→ **TASK INPUTS**:
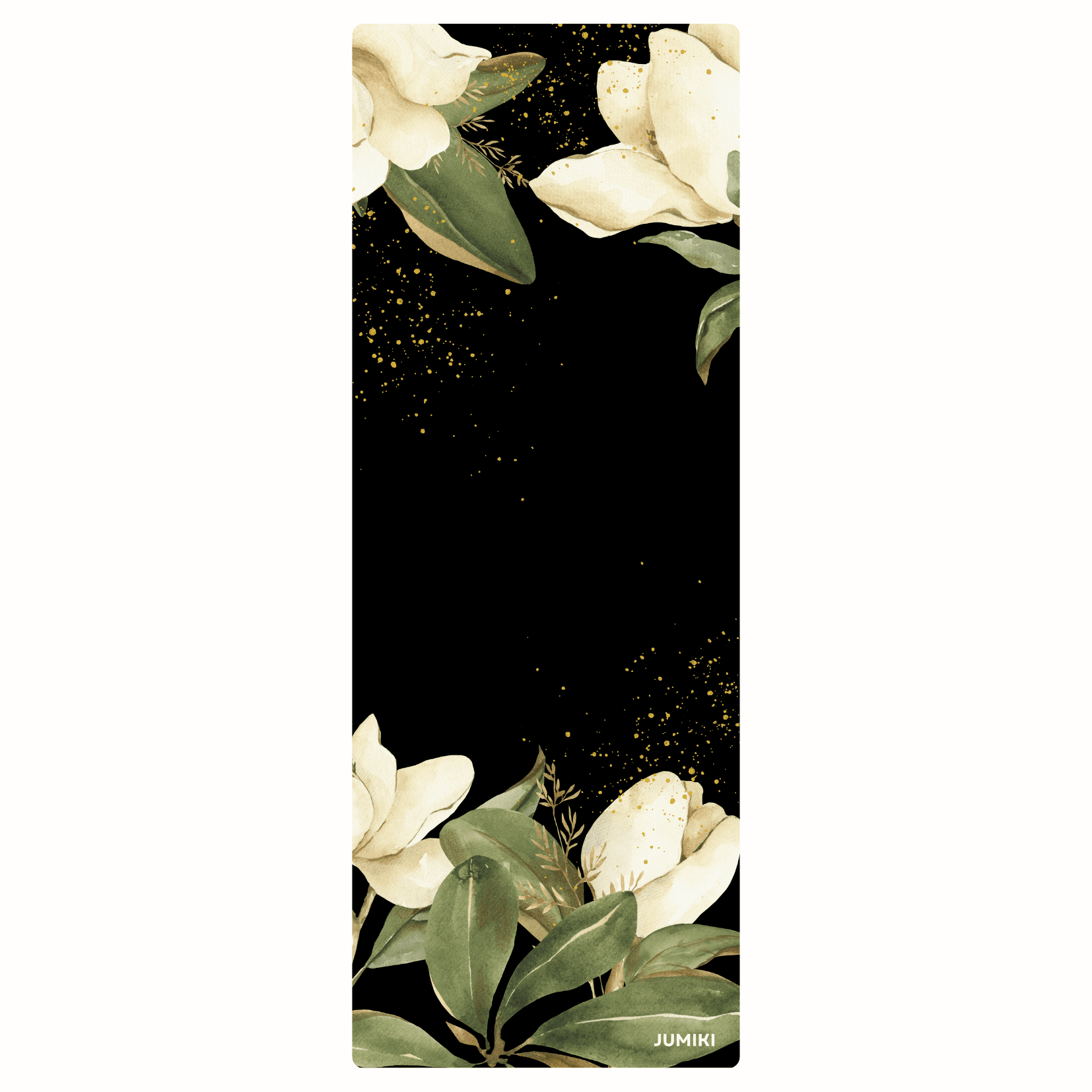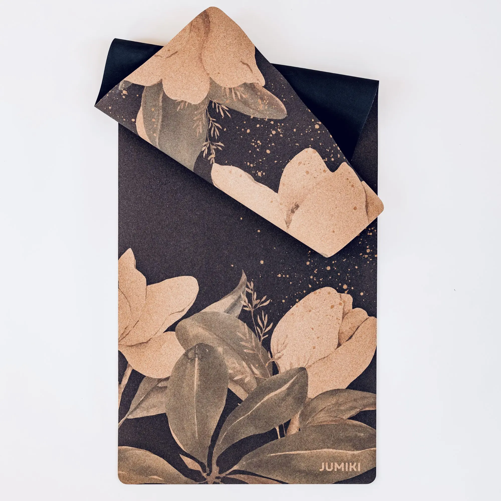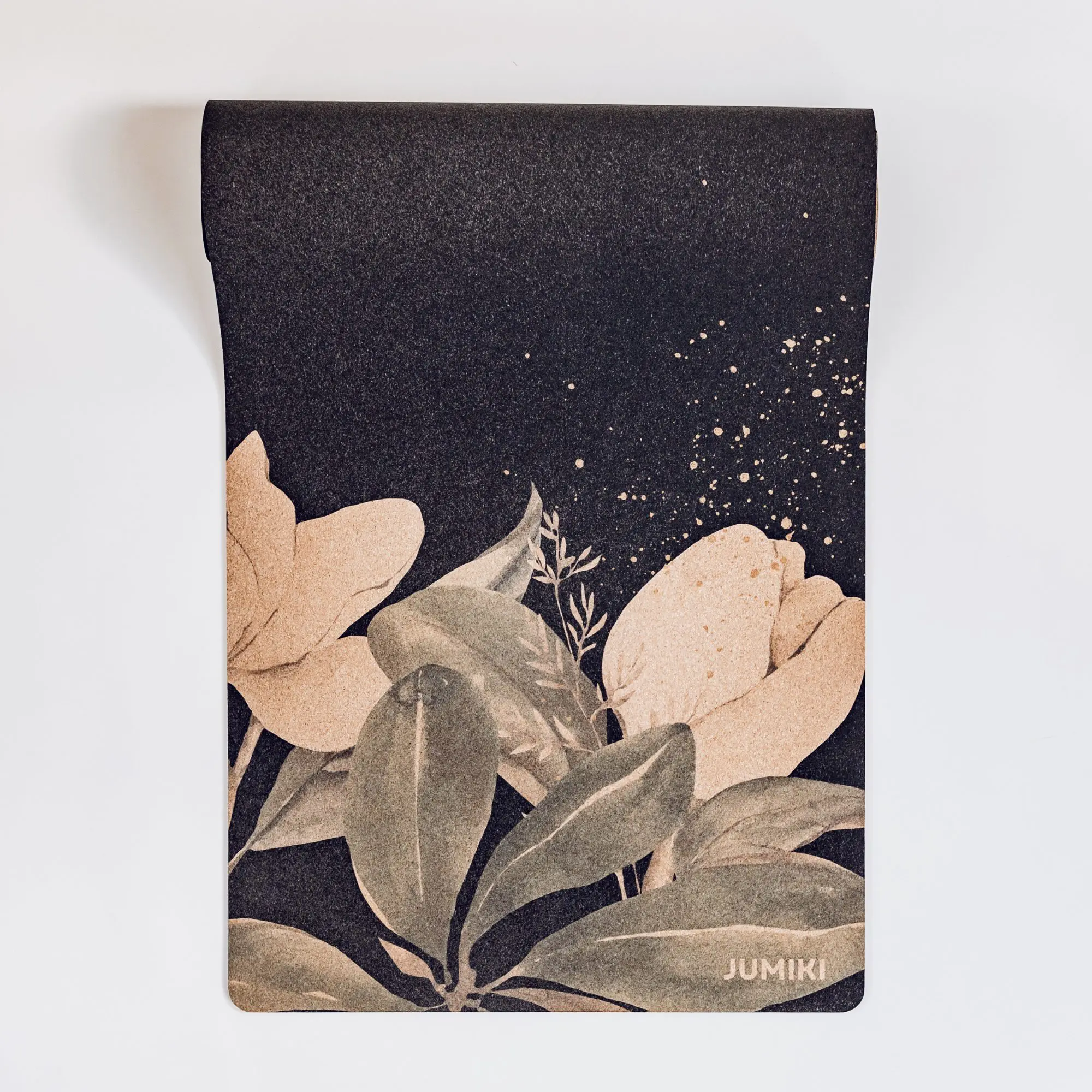 Mata do ćwiczeń JUMIKI W ROZKWICIE L to połączenie naturalnych materiałów, wygody i wyrafinowanego designu. Czarna, matowa powierzchnia ozdobiona kremowymi kwiatami magnolii i zielenią liści wprowadza spokój, piękno i harmonię do każdej praktyki. To mata, która otula Cię naturą i tworzy wyjątkową przestrzeń do ruchu.
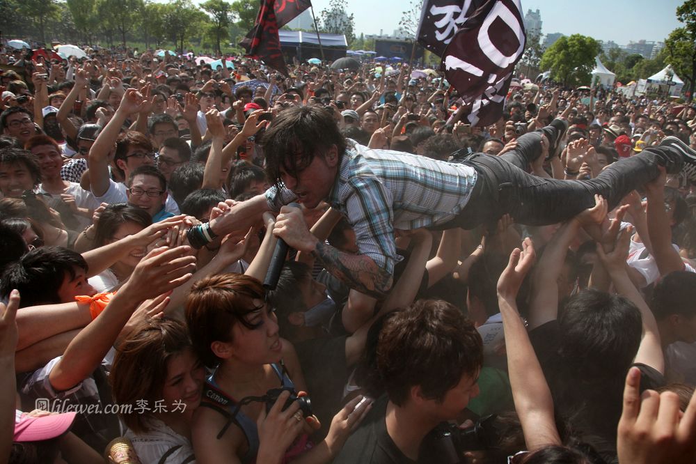 上海本土乐队Pink Berry、Boys Climbing Ropes、蘑菇团的现场接二连三的将乐迷的热情点燃,Helen带领北京实力乐团自游更称此次上海迷笛是他们近来演出感觉最爽最棒的一次现场!在北京迷笛的激情出演之后,加拿大的Your Favorite Enemies继续与上海乐迷一起疯狂的跳水,《Simple Dream》、《I want to fly》等首首名曲引发全场呼应,主唱Alex更对台下的乐迷喊“You are the future!”。来自荷兰的红发美女领衔的Ming’s Pretty Heroes以及来自日本的著名朋克乐队Good 4 Nothing更让现场乐迷大呼惊艳,Good 4 Nothing保有着朋克乐队特有的欢乐气质,不仅奉献了他们的多首经典曲目,还现场翻唱了火爆大江南北的华语金曲《红日》,引爆了现场气氛的最高潮。
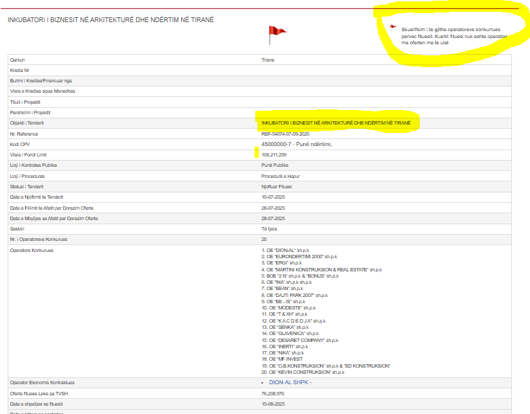 “Skualifikim i të gjithë operatorëve konkurrues përveç fituesit. Kusht: fituesi nuk është operatori me ofertën më të ulët”, kështu e ka klasifikuar Open Data Albania tenderin e mësipërm. Madje procedura është shënuar me “Flamur të kuq” që është shenja e riskut të korrupsionit.
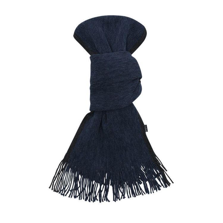 Douce et chaude écharpe confectionnée en polyester RPET chaud. Fabriquée dans des couleurs bicolores élégantes avec des bords de différentes couleurs, finition frangée. Avec Logo RPET sur l'étiquette. Présenté individuellement en boîte noire. Le matériau RPET est fabriqué à partir de plastique recyclé, ce qui encourage la réutilisation des déchets plastiques et contribue à la durabilité de la planète.
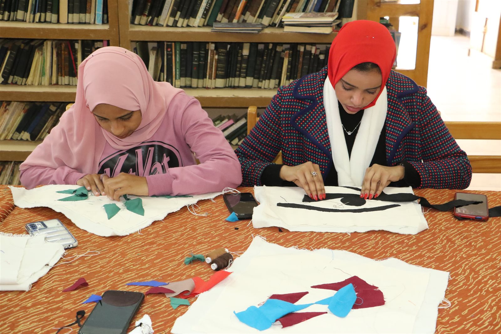 واستكمل المدرب عماد عاشور ورشة "الخيامية" بتعريف الفتيات كيفية التطريز على القماش واختيار الألوان المناسبة لتصميم المفارش والمعلقات.
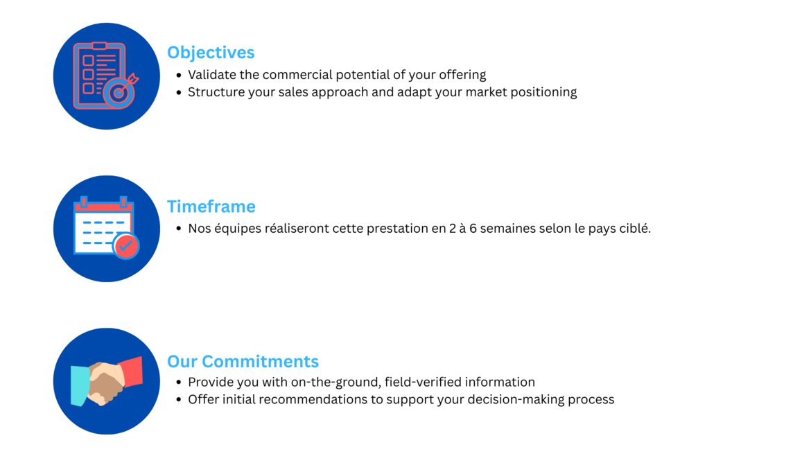 The market diagnostic is a preliminary study designed to help prepare your prospecting mission. This streamlined version of a full market study includes a list of key stakeholders (main importers, distributors, potential clients, and competitors) you are likely to engage with during the implementation of your project.
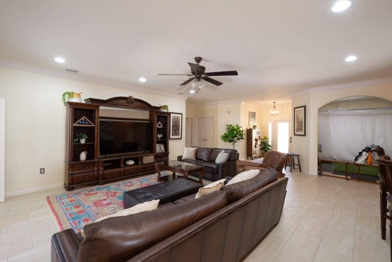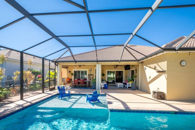 Stunning waterfront pool home in The Estates at Tradition! This 4-bedroom, 3-bathroom home offers over 3,400 sq. ft. of living space and a spacious den. The primary suite boasts a spacious sitting area, 2 large walk-in closets and a luxurious en-suite bath. The gourmet kitchen features 42" cabinets, stainless steel appliances, granite countertops, and a large pantry with custom doors. Additional interior highlights include a custom wet bar, wood accent wall, plantation shutters, crown molding, and wood-like tile floors. Enjoy the expansive screened-in patio and salt-water heated pool, perfect for outdoor living. Tradition in Port St. Lucie offers a vibrant mix of shops, restaurants, and entertainment. Enjoy scenic parks, walking trails, a golf course, and regular community events.
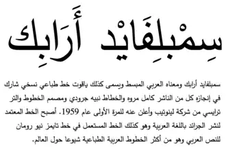 - ↑ a b «Brief history of the traditional Arabic type». Jawaher (en inglés). 25 de octubre de 2014. Consultado el 1 de diciembre de 2022.
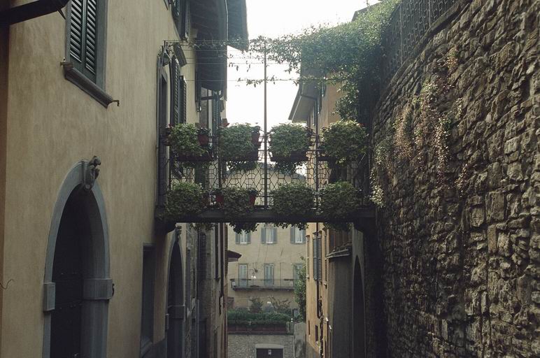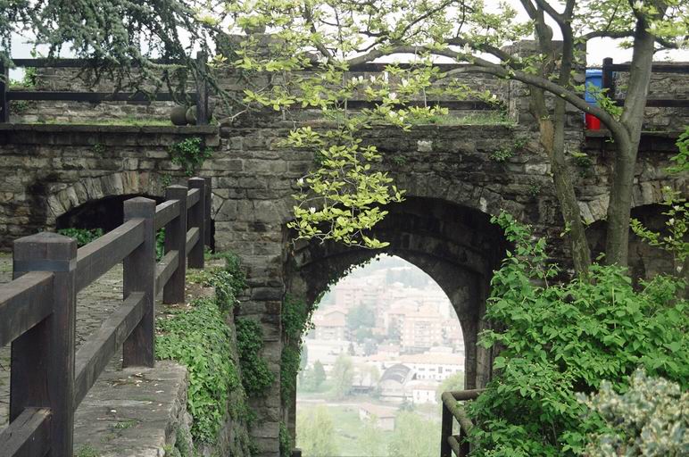 В Бергамо мы провели сутки в исторической части города, которая расположена на холме. Эта часть города окружена высокой стеной, которая в средние века выполняла функции защиты города от внешних врагов. Сегодня стена выполняет функцию разделения времён и предназначения, как бы выделяя и фокусируя наше внимание дополнительным разделителем.

→ **PROBLEM TO WORK ON**: Copy out all of the entries exactly as they stand, with no pictures in your copy.

→ **SOLUTION**:
 Mata do ćwiczeń JUMIKI W ROZKWICIE L to połączenie naturalnych materiałów, wygody i wyrafinowanego designu. Czarna, matowa powierzchnia ozdobiona kremowymi kwiatami magnolii i zielenią liści wprowadza spokój, piękno i harmonię do każdej praktyki. To mata, która otula Cię naturą i tworzy wyjątkową przestrzeń do ruchu.
 上海本土乐队Pink Berry、Boys Climbing Ropes、蘑菇团的现场接二连三的将乐迷的热情点燃,Helen带领北京实力乐团自游更称此次上海迷笛是他们近来演出感觉最爽最棒的一次现场!在北京迷笛的激情出演之后,加拿大的Your Favorite Enemies继续与上海乐迷一起疯狂的跳水,《Simple Dream》、《I want to fly》等首首名曲引发全场呼应,主唱Alex更对台下的乐迷喊“You are the future!”。来自荷兰的红发美女领衔的Ming’s Pretty Heroes以及来自日本的著名朋克乐队Good 4 Nothing更让现场乐迷大呼惊艳,Good 4 Nothing保有着朋克乐队特有的欢乐气质,不仅奉献了他们的多首经典曲目,还现场翻唱了火爆大江南北的华语金曲《红日》,引爆了现场气氛的最高潮。
 “Skualifikim i të gjithë operatorëve konkurrues përveç fituesit. Kusht: fituesi nuk është operatori me ofertën më të ulët”, kështu e ka klasifikuar Open Data Albania tenderin e mësipërm. Madje procedura është shënuar me “Flamur të kuq” që është shenja e riskut të korrupsionit.
 Douce et chaude écharpe confectionnée en polyester RPET chaud. Fabriquée dans des couleurs bicolores élégantes avec des bords de différentes couleurs, finition frangée. Avec Logo RPET sur l'étiquette. Présenté individuellement en boîte noire. Le matériau RPET est fabriqué à partir de plastique recyclé, ce qui encourage la réutilisation des déchets plastiques et contribue à la durabilité de la planète.
 واستكمل المدرب عماد عاشور ورشة "الخيامية" بتعريف الفتيات كيفية التطريز على القماش واختيار الألوان المناسبة لتصميم المفارش والمعلقات.
 The market diagnostic is a preliminary study designed to help prepare your prospecting mission. This streamlined version of a full market study includes a list of key stakeholders (main importers, distributors, potential clients, and competitors) you are likely to engage with during the implementation of your project.
 Stunning waterfront pool home in The Estates at Tradition! This 4-bedroom, 3-bathroom home offers over 3,400 sq. ft. of living space and a spacious den. The primary suite boasts a spacious sitting area, 2 large walk-in closets and a luxurious en-suite bath. The gourmet kitchen features 42" cabinets, stainless steel appliances, granite countertops, and a large pantry with custom doors. Additional interior highlights include a custom wet bar, wood accent wall, plantation shutters, crown molding, and wood-like tile floors. Enjoy the expansive screened-in patio and salt-water heated pool, perfect for outdoor living. Tradition in Port St. Lucie offers a vibrant mix of shops, restaurants, and entertainment. Enjoy scenic parks, walking trails, a golf course, and regular community events.
 - ↑ a b «Brief history of the traditional Arabic type». Jawaher (en inglés). 25 de octubre de 2014. Consultado el 1 de diciembre de 2022.
 В Бергамо мы провели сутки в исторической части города, которая расположена на холме. Эта часть города окружена высокой стеной, которая в средние века выполняла функции защиты города от внешних врагов. Сегодня стена выполняет функцию разделения времён и предназначения, как бы выделяя и фокусируя наше внимание дополнительным разделителем.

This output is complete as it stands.